In this educational article, we consider how effect size, sample size, and the shape of the distributions impact the interpretation of mean group differences for the discovery of clinically useful biomarkers in biomedical research.

Biomarkers in neuropsychiatry

Broadly, a biomarker has been defined as “a characteristic that is objectively measured and evaluated as an indication of normal biological processes, pathogenic processes, or pharmacologic responses to a therapeutic intervention” [7]. Recent interest in biomarker discovery has been sparked by their successful clinical use in multiple areas of medicine [8], to aid in more objective and reliable diagnosis of a condition, or in predicting individual treatment response [9]. For example, in cancer research, the use of a stratification biomarker (HER2) significantly accelerated the development of an adjuvant immunotherapy for breast cancer, which reduced the risk of death by 33% in the subgroup of patients that were positive for the biomarker (cf. [10]).

In essence, a biomarker could be any characteristic or test outcome derived from genetic testing, biochemical assays, brain imaging scans, eye-tracking, or cognitive tests that make reliable predictions about an individual. It could be a continuous score that indicates clinical relevance from a certain cutoff point, a categorical score (e.g., the presence/absence of a particular genetic variant) that indicates the probability of a particular condition or subtype, or a composite derived from multiple indices.

Biomarkers in homogeneous versus heterogeneous conditions

A diagnostic biomarker refers to a measurable characteristic that reflects the presence of a clinical umbrella condition and allows for definitive diagnosis [7]. Assuming that a condition is relatively homogeneous, such a marker should apply to all or most individuals with the condition, i.e., have high sensitivity (correctly classifying individuals as having the condition), high specificity (correctly classifying individuals as not having that particular condition), as well as high positive and negative predictive values. Currently, there are no established benchmarks for the statistical characteristics that diagnostic biomarkers have to fulfil. However, cutoffs of quantitative measures that allow classification [of the condition] with 80% sensitivity (correctly classifying individuals that are biomarker positive as having the condition) and 80% specificity (correctly classifying individuals that are biomarker negative as not having the condition (Cohen’s d of 1.66) is often considered as acceptable for diagnostic utility [11,12].

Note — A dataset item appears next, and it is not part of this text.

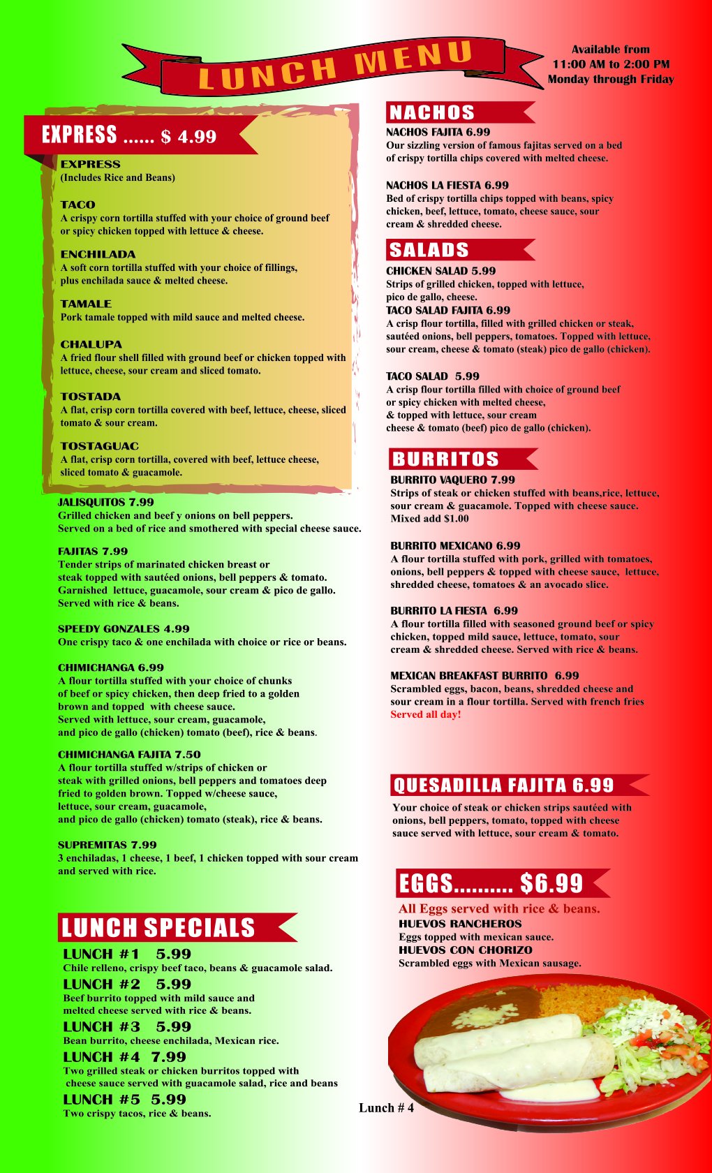 La Fiesta Mexican Restaurant On Twitter Our Lunch Menu Is Available From 11 00 Am To 2 00 Pm Take A Peak At It Before You Come In Lafiesta Restaurant Mexicanfood Https T Co Vvwosiemfj Twitter

By contrast, assuming that a clinical condition is heterogeneous, a stratification biomarker refers to a measurable characteristic that can be used to identify more homogeneous biological subgroups within or across established diagnostic categories [4,7,13]. Thus, stratification biomarkers can be used to aid in the diagnosis of a subpopulation within a condition, to ascertain the likely development/progression of an individual with an umbrella condition and/or estimate the likely response to a given treatment/intervention [14] (see Table 1). These subgroups may be defined by particular participant characteristics (e.g., sex or age group). Alternatively, they may be defined by particular neurobiological characteristics (e.g., neurocognitive profile, brain atypicalities). In this case, we do not know how many subgroups may exist, how big they are, and what are the clinically relevant cutoffs.

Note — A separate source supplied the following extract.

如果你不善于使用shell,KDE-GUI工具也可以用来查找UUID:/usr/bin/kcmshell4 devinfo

Table 1. Biomarkers in homogeneous vs. heterogeneous conditions.

Hence, an important step in biomarker discovery consists of moving beyond the focus on mean group differences and to establishing the frequency and severity of atypicalities on a given test or measure among individuals with a clinical condition.

Here, we first carried out simulations to examine how effect size, sample size, and the shape of distributions impact the likely utility of a biomarker. To exemplify this, we then applied these statistical criteria to evaluate the current state of biomarker discovery in one area of psychiatry where heterogeneity is well established—autism research. Other conditions with clinical and neurobiological heterogeneity include depression [15,16], ADHD [17], and even schizophrenia [18,19].

Empirical data simulation

We generated 2 populations with varying sample sizes per group (20 and 100; see S1 Text for more details about the simulations). These sample sizes were chosen because approximately 15 to 30 participants per group has been the typical size of the majority of cognitive [2022] or neuroimaging studies [23,24] in autism research (see S1 Table for a summary of representative meta-analyses, by domain).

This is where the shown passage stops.